Set out exactly every line of the entries below, starting at the line that holds "The first Ceremony" and stopping after the line that holds "So gibt es zwei".

• SUPPLIED ENTRIES
******
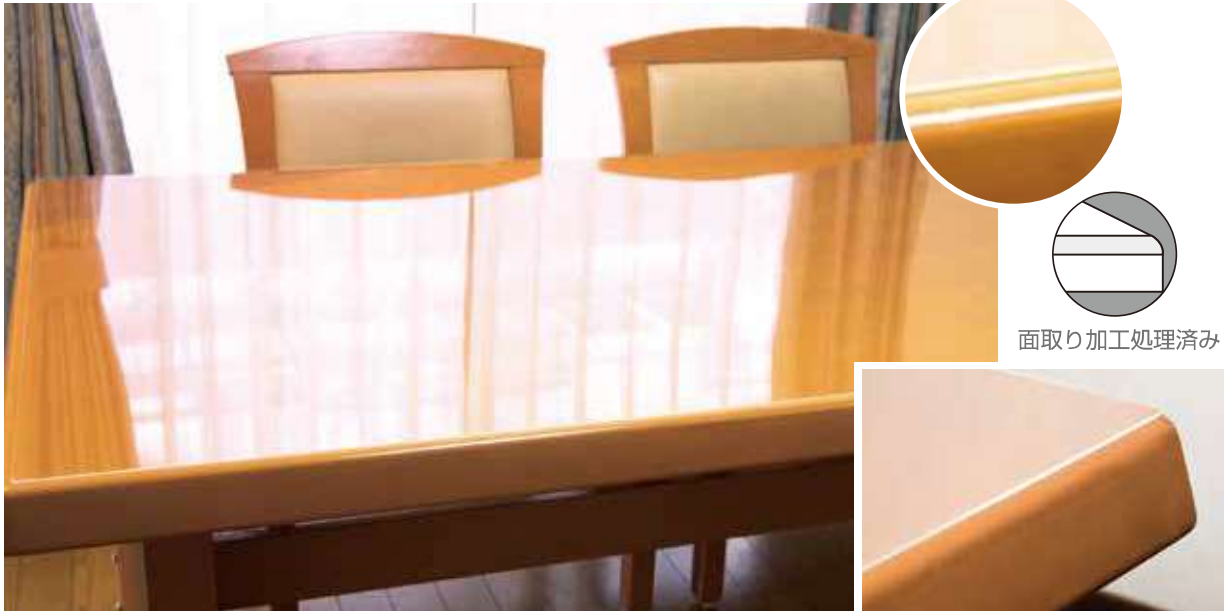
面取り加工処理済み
******
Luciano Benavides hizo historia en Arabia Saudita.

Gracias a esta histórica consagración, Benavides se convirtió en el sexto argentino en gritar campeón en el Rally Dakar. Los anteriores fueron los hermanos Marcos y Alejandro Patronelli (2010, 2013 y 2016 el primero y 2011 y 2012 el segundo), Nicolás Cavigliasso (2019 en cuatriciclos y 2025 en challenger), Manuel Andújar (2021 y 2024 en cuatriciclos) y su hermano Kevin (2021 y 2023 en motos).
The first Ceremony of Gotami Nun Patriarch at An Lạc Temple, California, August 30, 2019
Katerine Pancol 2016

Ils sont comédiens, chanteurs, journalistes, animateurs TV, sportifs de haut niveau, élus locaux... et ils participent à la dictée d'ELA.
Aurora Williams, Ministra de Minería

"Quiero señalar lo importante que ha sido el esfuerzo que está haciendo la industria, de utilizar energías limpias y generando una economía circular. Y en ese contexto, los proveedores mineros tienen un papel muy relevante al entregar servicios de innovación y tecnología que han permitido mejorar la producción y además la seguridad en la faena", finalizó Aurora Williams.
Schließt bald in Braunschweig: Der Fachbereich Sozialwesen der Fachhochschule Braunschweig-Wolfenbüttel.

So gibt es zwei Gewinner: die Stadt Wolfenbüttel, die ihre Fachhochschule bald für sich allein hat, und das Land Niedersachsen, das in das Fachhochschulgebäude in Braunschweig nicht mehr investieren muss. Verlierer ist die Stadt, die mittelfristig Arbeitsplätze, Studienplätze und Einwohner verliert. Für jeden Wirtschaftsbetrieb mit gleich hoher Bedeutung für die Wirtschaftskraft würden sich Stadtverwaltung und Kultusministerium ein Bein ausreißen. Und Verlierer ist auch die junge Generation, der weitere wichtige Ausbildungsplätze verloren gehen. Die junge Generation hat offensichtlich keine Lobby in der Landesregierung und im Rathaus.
******
• RESULT FOR THIS EXERCISE
The first Ceremony of Gotami Nun Patriarch at An Lạc Temple, California, August 30, 2019
Katerine Pancol 2016

Ils sont comédiens, chanteurs, journalistes, animateurs TV, sportifs de haut niveau, élus locaux... et ils participent à la dictée d'ELA.
Aurora Williams, Ministra de Minería

"Quiero señalar lo importante que ha sido el esfuerzo que está haciendo la industria, de utilizar energías limpias y generando una economía circular. Y en ese contexto, los proveedores mineros tienen un papel muy relevante al entregar servicios de innovación y tecnología que han permitido mejorar la producción y además la seguridad en la faena", finalizó Aurora Williams.
Schließt bald in Braunschweig: Der Fachbereich Sozialwesen der Fachhochschule Braunschweig-Wolfenbüttel.

So gibt es zwei Gewinner: die Stadt Wolfenbüttel, die ihre Fachhochschule bald für sich allein hat, und das Land Niedersachsen, das in das Fachhochschulgebäude in Braunschweig nicht mehr investieren muss. Verlierer ist die Stadt, die mittelfristig Arbeitsplätze, Studienplätze und Einwohner verliert. Für jeden Wirtschaftsbetrieb mit gleich hoher Bedeutung für die Wirtschaftskraft würden sich Stadtverwaltung und Kultusministerium ein Bein ausreißen. Und Verlierer ist auch die junge Generation, der weitere wichtige Ausbildungsplätze verloren gehen. Die junge Generation hat offensichtlich keine Lobby in der Landesregierung und im Rathaus.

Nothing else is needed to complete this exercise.